Ela dizia enquanto entravam...

Essa poderia, de fato, não passar de mais uma frase das centenas de fãs que existiam daquele lugar, todas agitadas para ver o que para ela era incomumente natural dele. Tantos gritos e olhares como se existisse mesmo uma disputa, onde quem levasse o prêmio, levaria também a fama tão cobiçada.

Nem havia ido aquele lugar para isso, nem sabia que ele, seu pesadelo de cada dia que despertava, estaria lá para assombra-la. O que deveria ser apenas mais uma noite incomum de domingo se tornara algo muito mais sólido, onde cada um de seus movimentos seriam notados pela plateia estranhamente posta em cima do palco e pelo conhecido de sempre que lhe olhava sempre que acreditava no não flagrante.

Ela saíra do seu conforto. De que valeria aquela pulseira - que agora parecia até incomodar, apertando seu pulso, como se devesse mesmo não está ali - quando ela não a faria chegar mais perto dele?

Desceu escoltada pelas amigas que tentavam lhe dar força e fazer tudo aquilo parecer natural. Aguentaria o show, até ele acabar. Dançar, dançar, dançar... Mas nada se comparava ao que ele fazia tão consciente quanto alguém que apunhala pelas costas.

Já havia durado demais, era hora daquilo tudo acabar. Porém faltava aquela música de melodia tão conhecia. Ela não deveria ter feito parte daquele repertório, era lenta demais, caia bem demais. Mas mais uma vez ela foi pega de surpresa, a noite ainda não estava perdida, ela havia ganhado a semana, talvez o mês... o ano?

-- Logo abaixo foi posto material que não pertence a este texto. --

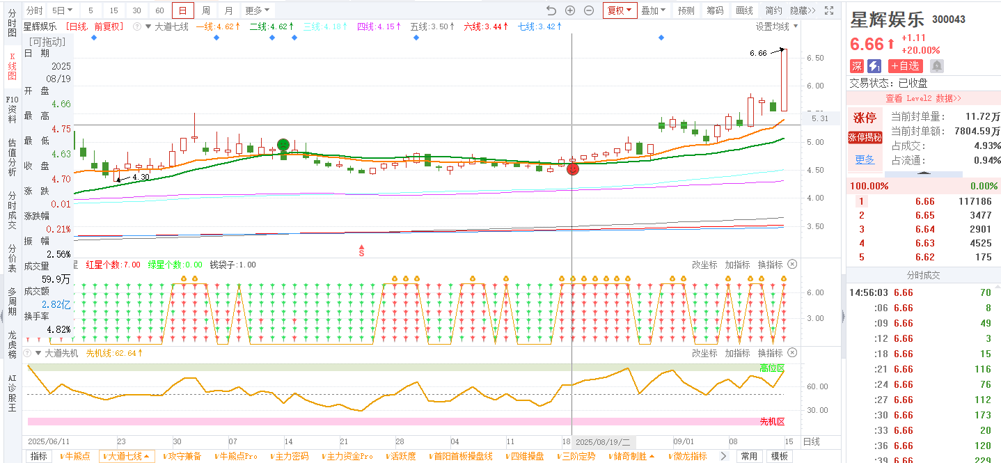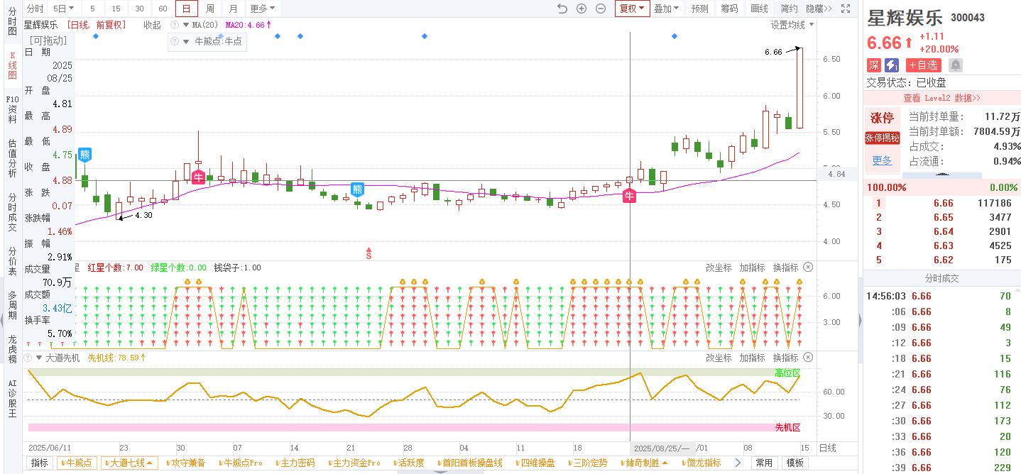 3)参考技术指标:20250819-星辉娱乐-300043-大道七线-日线出现笑脸信号,且大道七星全红;20250825-星辉娱乐-300043-牛熊点指标-日线出现牛点信号;

Ele nem deveria está cantando aquilo, tudo encaixava perfeitamente. Mas como se não bastasse ainda existia aquele outro amigo, aquele que sempre tenta entregar/estragar tudo. Estragar as tentativas de esquece-lo entregando para quem aquela música estava sendo cantada.

"Ahhh..."
As amigas gritavam juntas.

Aquilo foi sim um coração... e foi para ela.